Now is the time to close unused subscriptions and memberships, review your bank charges, cut back on non-essential travel, reevaluate your office supply budget and go paperless to reduce spending on printing and paper usage.
Unlock your team’s potential
Another key focus area is staffing. In challenging economic times, SME staff members are often pushed to their limits and called upon to go above and beyond to make sure that the business keeps running. While asking staff to increase their efforts may be essential in surviving in the short-term, it can take its toll on the team. In the long run, this could lead to greater levels of absenteeism, low staff morale, reduced productivity and increased human error.
Ultimately, these factors will cut into your profitability over time and decrease how efficiently your business is making use of valuable human capital. The answer is not to cut jobs or wages in a panic. More effective measures could be to implement flexible scheduling – to meet employee needs while ensuring that the business keeps running during peak periods.

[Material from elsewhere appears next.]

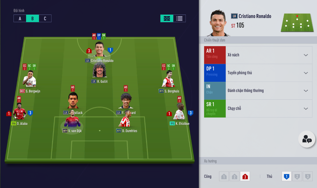Một chiến thuật đơn khá dị khi mà hai hậu vệ và tiền vệ phòng ngự để mặc định xu thế. Trong khi đó vị trí CAM được chơi tự do với thiết lập PF1

SMEs could also look into upskilling programmes that train employees on how to handle multiple tasks or roles within the business. Cross-training enhances flexibility, reduces reliance on specific individuals, and enables smoother workflow transitions during periods of high demand or staff shortages. This has the added benefit of helping employees to grow within their roles and advance their careers.
Optimise your processes
In tough times, it’s also useful to evaluate the efficiency of processes. For example, inefficiencies in the way that inventory is managed and stored could cause wasted space in a warehouse. Likewise, if the SME’s raw material ordering system is not optimised, it could lead to materials expiring.
To guard against these types of inefficiencies, SMEs need to review their processes from end-to-end, to reduce waste and make sure that the protocols that are in place account for everything the business needs in the most efficient way possible.
You could start by documenting existing processes to gain a clear understanding of how tasks are currently being performed. Use flowcharts or diagrams to visualise workflows and identify potential areas for improvement. Working with an expert business advisor or turnaround specialist from programmes such as the BPI Technical Assistance programme can also help identify areas of improvement in small businesses.
The review could also include identifying bottlenecks where work is slowed down or resources are underutilised. These bottlenecks often represent opportunities for streamlining or automation.
In the process of making your SME more efficient, remember never to compromise on quality. When budgets are tight, it may be tempting to switch to lower quality raw materials or spend less time on after-sales service. However, quality may be the key to differentiating your business in the marketplace and making sure you can continue to offer your customers value when cost pressures are high.